All those folks who thought they had elected the Dalai Lama to be President are slowly starting to realize they actually elected a man whose driving ambition from age 25 to 40 was to become Mayor of Chicago because that job gives you what Obama has always wanted: power. By my count, the word “power” or its variants appears 82 times in Dreams From My Father.

Obama has appointed as his chief of staff Congressman Rahm Israel Emanuel, fixer-fundraiser-bruiser extraordinaire who started out with the Daley Machine.

Poor Philip Weiss, who had convinced himself from all the time Obama spent hanging out with Palestinians before he became famous, that Obama’s election meant a fair shake for the Palestinians, is distraught. (As if Obama ever cared about Palestinians …) Emanuel spent the 1991 Gulf War volunteering at an Israeli military base.

Joshua Green writes in Rolling Stone:

There’s the story about the time he sent a rotting fish to a pollster who had angered him. There’s the story about how his right middle finger was blown off by a Syrian tank when he was in the Israeli army. And there’s the story of how, the night after Clinton was elected, Emanuel was so angry at the president’s enemies that he stood up at a celebratory dinner with colleagues from the campaign, grabbed a steak knife and began rattling off a list of betrayers, shouting “Dead! . . . Dead! . . . Dead!” and plunging the knife into the table after every name. “When he was done, the table looked like a lunar landscape,” one campaign veteran recalls. “It was like something out of The Godfather. But that’s Rahm for you.” Of the three stories, only the second is a myth …

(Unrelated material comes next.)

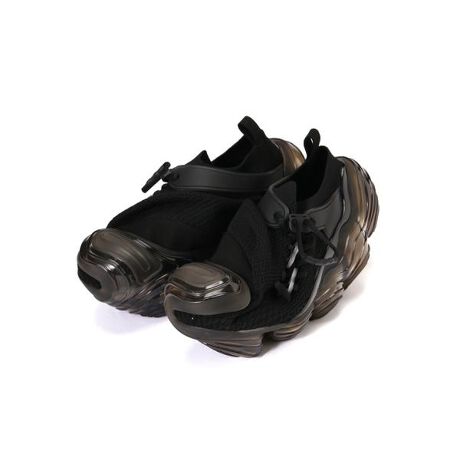 ねじまげられたフットウェアアウトソールとアッパーがねじまげられ、2つが溶け合うようにしてアウトソールがアッパーの上の領域まで侵食しています。アッパーも同様に複雑にねじられ、本来真ん中にあるべきパーツが左右へとずらされています。アッパーはニットアッパーを採用しシューレースは結ぶのではなくコードストッパーで絞るタイプ。ヒールの高さはおよそ7cm。※このアイテムはブランドの中でもファッション性の強いアイテムです。 舗装された道路以外の歩行は推奨されませんので、あらかじめご了承ください。

The second of three sons born to a pediatrician father and a civil-rights-activist mother, Rahm was raised in a middle-class family that stressed competitiveness and achievement. His older brother, Ezekiel, is a leading medical ethicist. [Ah, yes, the medical ethics profession ...] His younger brother, Ari, is a Hollywood talent agent who served as the inspiration for Ari Gold, the fast-talking agent played by Jeremy Piven on HBO’s hit series Entourage. (In a recent episode shot at a Lakers game, the lead actors sat in Ari Emanuel’s $2,000 courtside seats.) “After about the sixth episode, I finally caught it,” says Rahm, who himself was the model for the character Josh Lyman on The West Wing. “I called Ari the next day and said, ‘Hey, I finally saw the show, and you know what? I like that guy better than I like you.’”

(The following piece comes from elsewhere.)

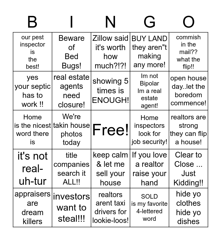 This bingo card has a free space and 24 words: title companies search it ALL!!, investors want to steal!!!, showing 5 times is ENOUGH!, appraisers are dream killers, commish in the mail?? what the flip!!, our pest inspector is the best!, yes your septic has to work !!, Beware of Bed Bugs!, Home inspectors look for job security!, keep calm & let me sell your house, Im not Bipolar Im a real estate agent!, Home is the nicest word there is, If you love a realtor raise your hand, Clear to Close ... Just Kidding!!, real estate agents need closure!, SOLD is my favorite 4-lettered word, realtors are strong they can flip a house!, Zillow said it's worth how much?!?!, open house day..let the boredom commence!, We're takin house photos today, hide yo clothes hide yo dishes, it's not real-uh-tur, BUY LAND they aren"t making any more! and realtors arent taxi drivers for lookie-loos!.

Emanuel got his political education working as a fund-raiser for Mayor Richard Daley’s re-election campaign in Chicago, where he learned how to twist arms and knock heads. Donors were used to giving $5,000 — but Daley needed more. “Rahm took it up a notch,” Daley’s brother William recalled several years ago. “He told many of them they easily had the ability to give twenty-five grand.” When contributors didn’t pony up, Emanuel would tell them he was embarrassed that they’d offered so little and hang up on them. The shocked donor would usually call back and sheepishly comply. In thirteen weeks, the thirty-year-old raised $7 million — an unprecedented sum at the time. His fund-raising skills eventually earned him a job in the Clinton campaign.

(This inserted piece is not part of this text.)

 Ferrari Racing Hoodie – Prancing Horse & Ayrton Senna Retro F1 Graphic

Emanuel was an Iraq War hawk. His father was a member of the anti-British Irgun terrorist organization in Palestine in the 1940s.

In an interview with Ma’ariv, Emanuel’s father, Dr. Benjamin Emanuel, said he was convinced that his son’s appointment would be good for Israel. “Obviously he will influence the president to be pro-Israel,” he was quoted as saying. “Why wouldn’t he be? What is he, an Arab? He’s not going to clean the floors of the White House.”

Meanwhile, the Las Vegas Sands Corporation, chiefly owned by Sheldon Adelson, recently #3 richest man in America and a prime funder of neoconnery in the U.S. and Israel, announced it was in danger of going broke. Adelson was a small time hustler who got insanely rich off the Housing Bubble as Californians took out home equity loans and drove to Vegas and off the Chinese mania for gambling by somehow getting the Beijing to give him something of a monopoly on casinos in Macao. His second wife is Israeli, and late in life he developed a passion for Likudism, spending a fortune on putting Netanyahu back in office.